The reasons for this poor state of mental health, the increase in suicide (or “self-delivery”, as suicide is now sometimes called) and attempted suicide, are many and complex, but, as Hugh Mackay argues in The Good Life, happiness has become an industry that is selling all of us a lie. “I don’t mind people being happy – but the idea that everything we do is part of the pursuit of happiness seems to me a really dangerous idea and has led to a contemporary disease in Western society, which is fear of sadness,” Mackay writes. “We’re kind of teaching our kids that happiness is the default position – it’s rubbish. Wholeness is what we ought to be striving for and part of that is sadness, disappointment, frustration, failure; all of those things which make us who we are … I’d like just for a year to have a moratorium on the word ‘happiness’ and to replace it with the word ‘wholeness’.”
 
Mackay is not on his own. I have lost count of the number of parents who tell me, “I don’t care what my kids do, as long as they’re happy.”  Although it may be just a casual throwaway line, it is a symptom of a deeper anxiety. Why are we setting our children up for such failure? Why don’t Christian parents say, “I want my children to be faithful, hopeful, loving, just and good.” Living those virtues will not always lead to happiness – but it will bring something more valuable and precious. Joy.
 
Joy is one the great themes in the teaching of Pope Francis. Christian joy is not the same as happiness. Christian joy celebrates that we know where we have come from, why we are here and where we are going. It moves away from trying to find the easy side of easy to confront the inevitable tough moments in our lives, and to embrace suffering as an inescapable reality in the human condition.

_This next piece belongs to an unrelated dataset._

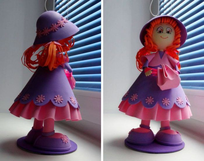 - Залепете шапката от полукръга лилаво от. Украсете куклата с мъниста.

It seeks to be resilient in the face of adversity by embodying Jesus’ call to love God and our neighbour as we love ourselves. And it tells us that we are not meant to live isolated lives as “rocks and islands”, as the Simon and Garfunkel song has it. There was a good reason why Jesus sent the disciples out in twos.
 
Gavin Larkin’s wife, Maryanne, found out how tragic and unhappy life can truly be. Gavin died of lymphoma at the age of 42 in 2011, 16 years after his father’s suicide. Their son, Gus, died from brain cancer at the age of 15 in 2013. I hope people keep calling Maryanne to ask her if she is OK. We need do the same for someone we know who may be struggling, especially if he or she is young, because so many young people have been sold a lie, and now that life is not as happy as they were promised it would be, some find they have no hope for the future. Living Christian joy is not easy or straightforward. But setting out on this path might be the way to be more than OK.